La direction des vents pourrait expliquer ce phénomène, selon l’association, qui formule deux hypothèses : soit le vent a déplacé les PFAS depuis les sols vers l’air à travers des poussières, soit des émissions atmosphériques de PFAS n’auraient pas été identifiées.
Autre résultat surprenant, du PFOA a été retrouvé dans le récupérateur d’eau de pluie de Virgile Benoit, habitant du quartier des Grangettes, tout près de la zone contaminée. « Je l’avais vidé auparavant pour attendre une pluie, précise-t-il. Mais c’est une cuve que j’ai depuis cinq ans et donc dans laquelle, potentiellement, il pouvait y avoir des résidus de PFAS. » L’association ignore toutefois si les 34,5 ng/L de PFOA retrouvés viennent de la pluie ou plutôt de la surface de la cuve.
L’association dans le viseur de Tefal
Certains résultats sont encore difficiles à expliquer, reconnaît l’association, qui veut en « discuter avec des chimistes pour connaître les risques sanitaires, et savoir d’où ces PFAS peuvent provenir ». Car, bien que le service géologique national français (BRGM) ait confirmé les conséquences de la pollution au PFOA par Tefal d’après France 3, il n’est pas question pour l’association d’incriminer l’industriel sans preuve solide.
« On fait attention à ce que l’on dit, admet Virgile Benoit. Un huissier de justice est venu nous voir sous l’ordre des avocats de Tefal suite à un reportage de “Complément d’enquête” [dans le cadre d’une sommation interpellative, en vue d’obtenir des réponses sur leurs analyses] alors qu’à aucun moment, en tant qu’association, nous ne les avions cités. »
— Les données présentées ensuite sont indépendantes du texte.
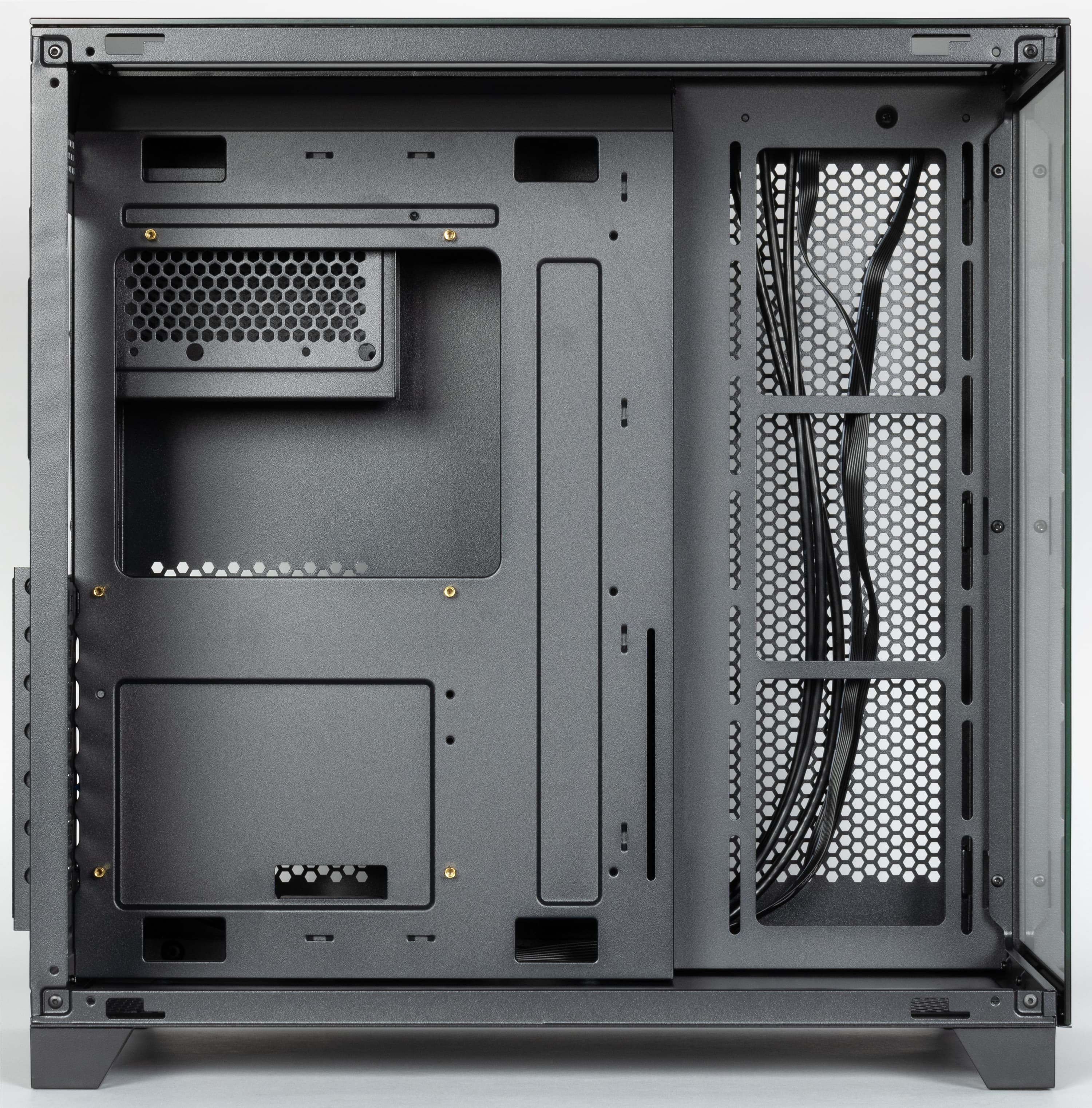 Объемы отделены друг от друга изогнутой перегородкой, которая в задней части является и основанием для системной платы, здесь у нее имеются прорези разного размера для кабелей, а ближе к лицевой стороне корпуса расположена решетка для установки вентиляторов или радиатора СЖО.
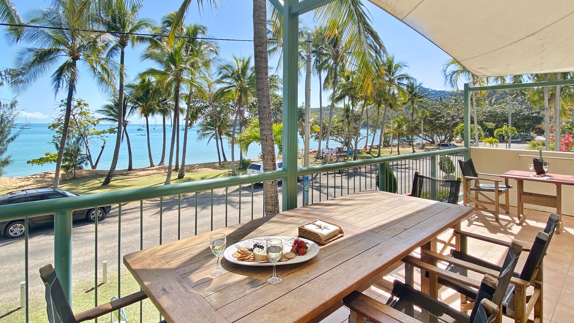 This spacious premium beachfront 2 bedroom unit of 115 square metres, has stunning uninterrupted 180 degree views of the beach. It has been recently renovated and styled by an Interior Designer and is situated on Horseshoe Bay seconds from the beach, and 100m to the restaurants and cafes.

Après avoir communiqué ses résultats à la communauté de communes, l’association réfléchit à la manière de partager ses informations avec les habitants de Rumilly — pour beaucoup salariés chez Tefal —, qui se demandent s’ils peuvent continuer à manger les fruits et légumes de leur jardin. Depuis février, la préfecture leur recommande en tout cas de ne plus utiliser l’eau de puits privés pour arroser leur potager.